"Doyle and the others've gone to the pub for a dram. I didn't feel like going with 'em. I-I thought never to see you again, O'Malley."
"Holy Mary, Willie, don't start blubberin' like a babe. You should've known a bloody Sassenach couldn't hold me.
Willie gave a watery grin. "Aye, I should've known it. How'd you get away, O'Malley?"

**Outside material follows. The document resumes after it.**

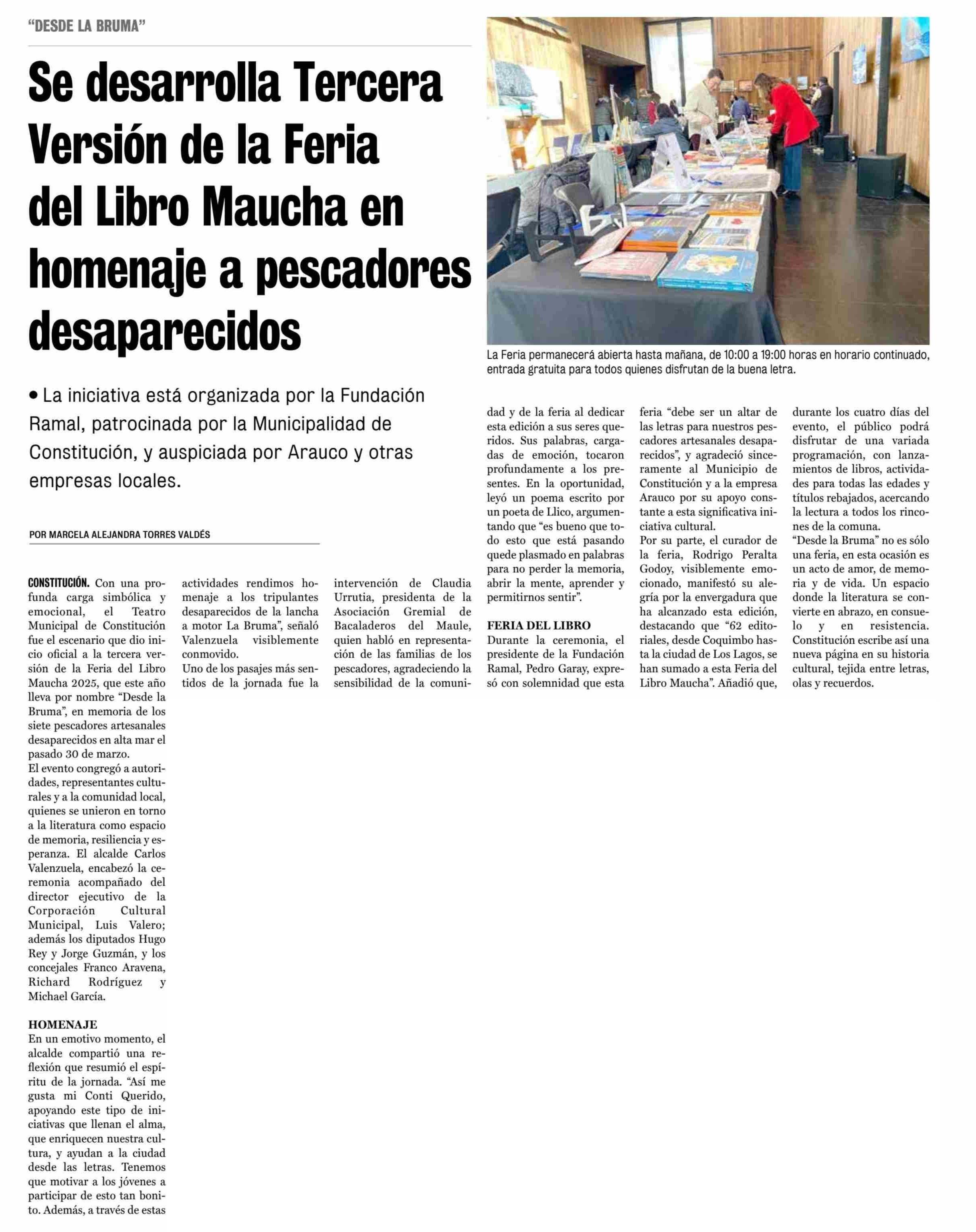 | Título: | Se desarrolla Tercera Versión de la Feria del Libro Maucha en homenaje a pescadores desaparecidos |

Caitlyn stood up, her hand going to her pocket where the Sassenach's money was tucked well down into the farthest corner. She'd meant to tell no one of her windfall. If word got out, the coins would be taken off her before she could say bloody England and her throat likely slit for their trouble. But Willie was her friend. When her mother had died in childbed, after having been turned off from her position as maidservant at Dublin Castle because she was increasing (through no fault of her own; she'd been forced by a drunken lord), young Willie, orphaned like Caitlyn, had been the first to stand her friend. Although he was younger than she, he'd been on the streets all his life and was wise in their ways. It was he who'd shown her the ropes. For a long time Caitlyn had been haunted by memories of her beloved mother, shamed and with nowhere to go but the streets, racked with coughing spells that had left her so pale and thin that the sunlight had almost shone through her except for the increasingly swollen mound of her belly.